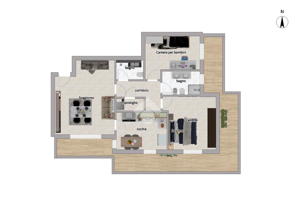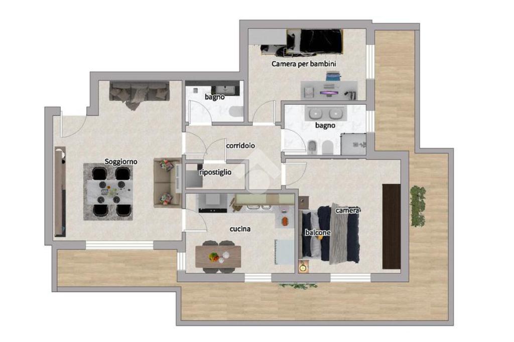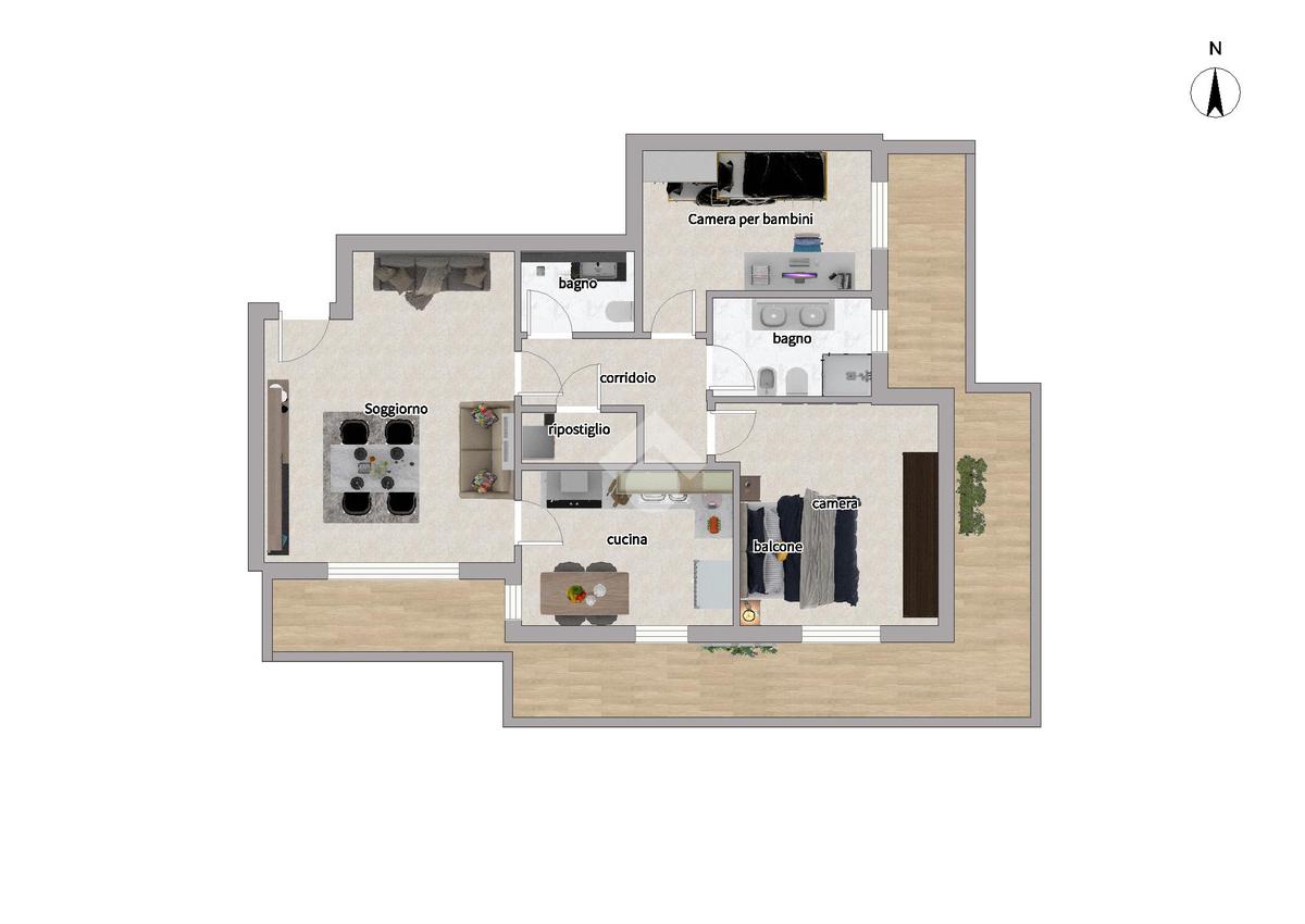 La cucina di comode metrature è abitabile e separata dal soggiorno, anche da qui, potrai accedere al balcone condiviso con il soggiorno. Proseguendo lungo il corridoio, troviamo un pratico bagno-lavanderia e un ripostiglio che aggiungono comodità alla tua quotidianità. Il secondo bagno finestrato è dotato di box doccia.
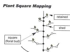 At first square, field stand counts and average first fruiting node number are recorded. From first square to first flower, ten plants at each of four sites in a field are monitored weekly for the presence or absence of first-position squares.
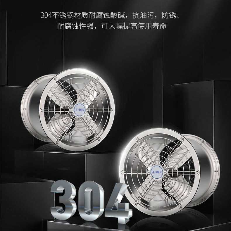 14寸304不锈钢工业排气扇 圆筒排风扇厨房抽油烟风机换气静音厂家

§ **PROBLEM**
Could the listing above be printed again in full, with every picture omitted?

§ **WRITTEN ANSWER**
 La cucina di comode metrature è abitabile e separata dal soggiorno, anche da qui, potrai accedere al balcone condiviso con il soggiorno. Proseguendo lungo il corridoio, troviamo un pratico bagno-lavanderia e un ripostiglio che aggiungono comodità alla tua quotidianità. Il secondo bagno finestrato è dotato di box doccia.
 At first square, field stand counts and average first fruiting node number are recorded. From first square to first flower, ten plants at each of four sites in a field are monitored weekly for the presence or absence of first-position squares.
 14寸304不锈钢工业排气扇 圆筒排风扇厨房抽油烟风机换气静音厂家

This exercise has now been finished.